Despite a decline in numbers the Cayman Islands still had the fourth highest number of passenger and crew onshore even without cruise berthing facilities. 1.5 million people visited here, combined with an average per passenger onshore expenditure of $93.70 per visit and an average crew expenditure of $57.50 per visits. The $158 million in cruise tourism spending in the Cayman Islands generated 3,547 total jobs and $66.6 million in wage income during the 2011/2012 cruise year.
The study also showed that across the region cruise lines spent an estimated US$246.9 million in participating destinations for port fees and taxes, utilities, navigation services and ship supplies.
"These expenditures have a direct impact on local employment and wages," Andrew Moody, principal of Business Research and Economic Advisors, said in a release about the report, adding that the industry creates additional jobs and income.

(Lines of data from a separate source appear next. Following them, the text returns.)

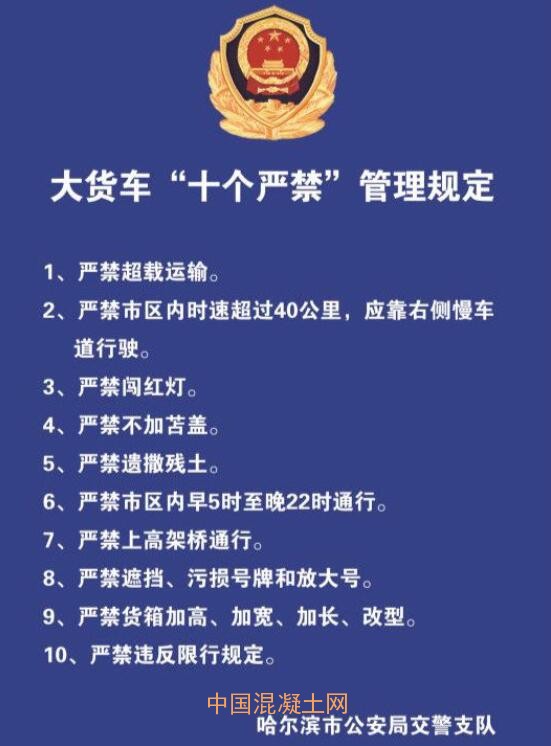 近期,哈爾濱市交警部門針對建筑運輸材料、殘土、爐渣等大型貨運車輛持續開展整治行動,針對大型貨車容易出現的交通違法行為制定了大貨車“十個嚴禁”管理規定。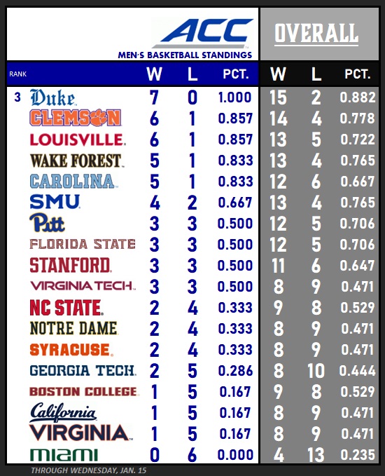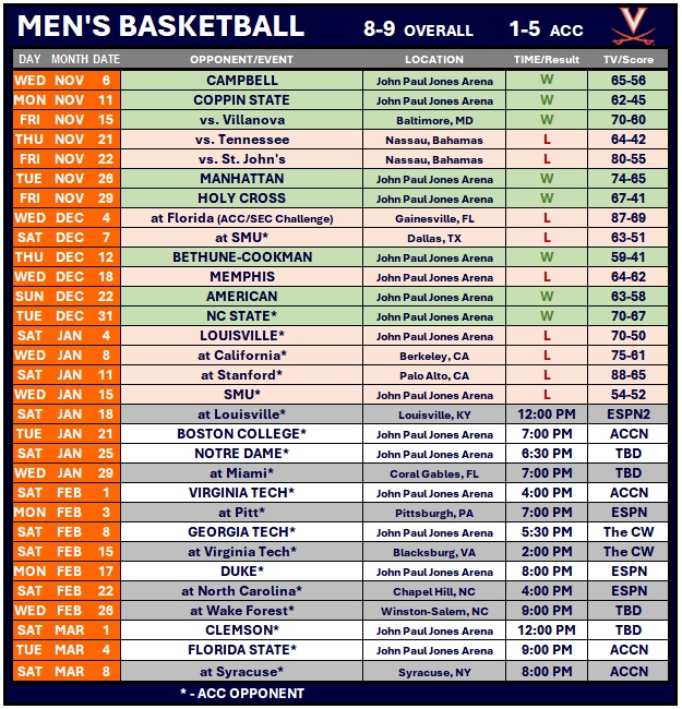 - Virginia fell to 8-9 overall, 1-5 ACC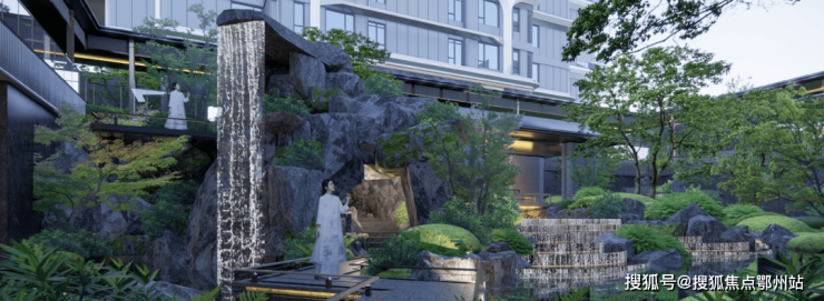 项目的下沉庭院,取意于古汉阳十景,如诗如画,庭院池底是凤凰图腾,楚文化展示长廊、揽月雕塑,延续云梦古泽、高山流水的意境,打造一番山水小天地;样板间的中央空调出风口与室内门面,均采用定制的蛟龙纹。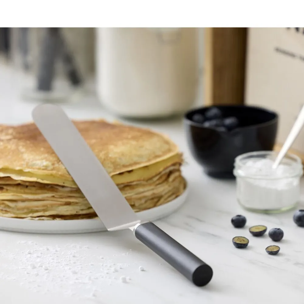 Emma stålpalet har et langt, smalt blad med knæk, som gør den perfekt til at vende pandekager, smøre glasur og meget mere. Den er et køkkenredskab, du vil gribe igen og igen og nyde foreningen af stil og funktionalitet. Nem at rengøre i opvaskemaskinen.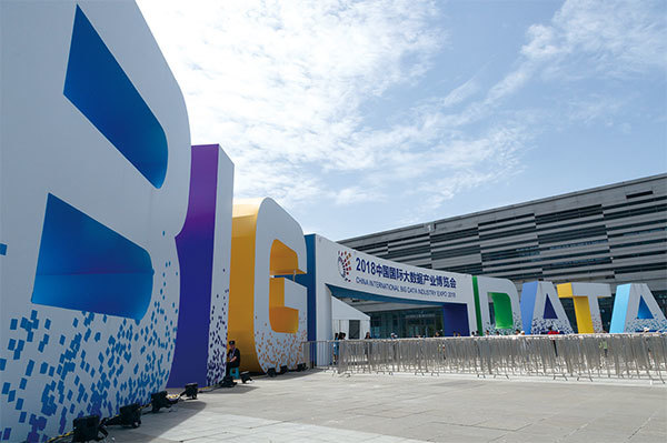分析指最早斷電的湖南缺電,與其大力發展大數據有關。圖為2018年貴陽大數據博覽會入口處。(Jadranko Marjanovic / Xinhua News Agency)

The destinations surveyed included Antigua and Barbuda, Aruba, The Bahamas, Barbados, Belize, British Virgin Islands, Cayman Islands, Colombia, Costa Rica, Curacao, Dominica, Dominican Republic, Grenada, Honduras, Nicaragua, San Juan in Puerto Rico, St Kitts and Nevis, St Maarten,St Vincent and the Grenadines, Turks and Caicos, and the US Virgin Islands.
Spending in the Bahamas was the highest, where cruise passengers spent $393.8 million, followed by St Maarten with $356.2 million, the US Virgin Islands with $339.8 million, and Puerto Rico with $186.6 million and the Cayman Islands with $157.7. Combined, these five destinations, with $1.43 billion in direct expenditures, accounted for 72% of the total cruise tourism expenditures among the 21 destinations.
Among BREA's other findings were that 15.44 million cruise passengers spent US$1.48 billion in the participating destinations, with per passenger expenditures ranging from US$185.40 in St Maarten to $27.10 in St Vincent and the Grenadines and averaging $95.92.
An average of 52% of passengers bought shore excursions, generating US$270 million in total payments to tour operators. Other notable purchases include watches and jewellery ($583 million), clothing ($158 million), food and beverage ($106.5 million), and local crafts and souvenirs ($87 million).
Over 2.7 million crew members also spent more than US$261 million in the region, with expenditures ranging from US$138.30 in the US Virgin Islands and $21.40 in St Vincent and the Grenadines and averaging $96.98.